By now Rino had a hard-on and was finding it difficult to follow
the instructions under that hungry gaze.

After the little writing-desk, the mini-blackboard and the wardrobe,
he had assembled the bunk bed.

"Have you screwed it together tightly enough? I wouldn't want
it to come apart ... My son Aldo is a bit on the heavy side. Would
you mind getting up onto it yourself? To try it out?"

Rino had climbed onto the top bunk and bounced up and down.
"Seems all right to me."

She had shaken her head. "You're too light. I think I'd better
come up too. Just to make quite sure."

Half an hour later the bed had suddenly given way.
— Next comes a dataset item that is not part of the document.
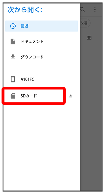 読み込むファイルの保存先をタップ

Mrs Arosio
had broken her wrist in falling out and had sued the furniture
factory.

Rino had sworn to Castardin that he hadn't had sex with her.
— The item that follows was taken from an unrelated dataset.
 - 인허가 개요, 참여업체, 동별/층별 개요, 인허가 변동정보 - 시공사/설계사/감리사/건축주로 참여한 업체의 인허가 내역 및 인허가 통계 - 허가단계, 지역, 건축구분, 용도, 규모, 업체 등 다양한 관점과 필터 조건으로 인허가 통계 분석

And technically speaking that was correct. Penetration had not
yet taken place when the bed had collapsed. She was on all fours,
with her face buried in the pillow and her slip pulled up, and Rino
was holding her by the hair like a red Indian gripping his horse's
mane, stamping her buttocks with large red slap-marks like the
patches on an Apache steed.

Then the bed had given way.

Rino Zena had lost his job.

And he had sworn to get even with old Castardin.

8

Cristiano Zena lay down and aimed at the head. He took a deep
breath and fired. The animal flinched, gave a little whine and lay
still.

He raised his fist. "First shot!"

He jumped down from the pile of planks and, after checking that
no cars were passing, approached slowly, keeping the gun trained
on the animal.

The mouth open. The froth. The tongue hanging to one side like
a bluish slug. The eyes rolled back and on the neck a red hole among
the black hairs and the snow swirling lazily in the air, burying the
corpse.

One less fucking mongrel in the world.

9

Cristiano returned home and ran to his father to tell him how he
had killed it first shot, but Rino was stretched out on his bed fast
asleep.

 
BEFORE

You are too just, Lord,
for me to dispute with you,
but I would like to talk with you about justice.
Why do the ways of the wicked prosper?
Why do all the treacherous live at ease?
You have planted them and they have taken root;
they grow and bring forth fruit.
You are near to their mouths
but far from their hearts.

Jeremiah 12, 1-2

 
Friday
10

An open cluster is a group of stars held together by gravitational
forces. The number of stars can be in the thousands. Their low attraction favors a chaotic arrangement around the center of the system.

This untidy formation resembled that of the thousands of little
towns, villages and hamlets which dotted the vast plain where
Cristiano Zena and his father lived.

The snow that had fallen all night on the plain had whitened the
fields, the houses and the factories. The only things it had not covered were the thick, incandescent cables of the power stations, the
lamps on the billboards, and the Forgese, the big winding river which
linked the mountains up in the north with the sea down to the south.

But at the first light of dawn the snow changed to a thin, persistent
drizzle which in less than an hour melted the white mantle that had
momentarily made the plain as beautiful as a cool albino model wrapped
in an Arctic fox fur. Varrano, San Rocco, Rocca Seconda, Murelle,
Giardino Fiorito, Marzio, Bogognano, Semerese and all the other towns
and villages re-emerged with their dingy colors, with their small or large
areas of urban sprawl, with their modern two-storey houses surrounded
by frost-browned lawns, with their prefabricated industrial buildings,
their credit institutions, their overpasses, their car dealerships and courtyards, and with their vast expanses of mud.

11

At a quarter past six in the morning Corrado Rumitz, commonly
known as Quattro Formaggi because of his consuming passion
for the pizza of that name, his staple diet for the best part of his thirty-eight years, was sitting on a shabby, flower-patterned sofa
having his breakfast.

He was wearing his home clothes: dirty underpants, an anklelength tartan dressing-gown and a pair of battered Camperos boots,
a relic of the old millennium.

With his gaze fixed on the little area in front of the kitchen, he
took a biscuit out of a packet, dunked it in a bowl of milk and
shoved it whole into his mouth. He repeated the action with metronomic regularity.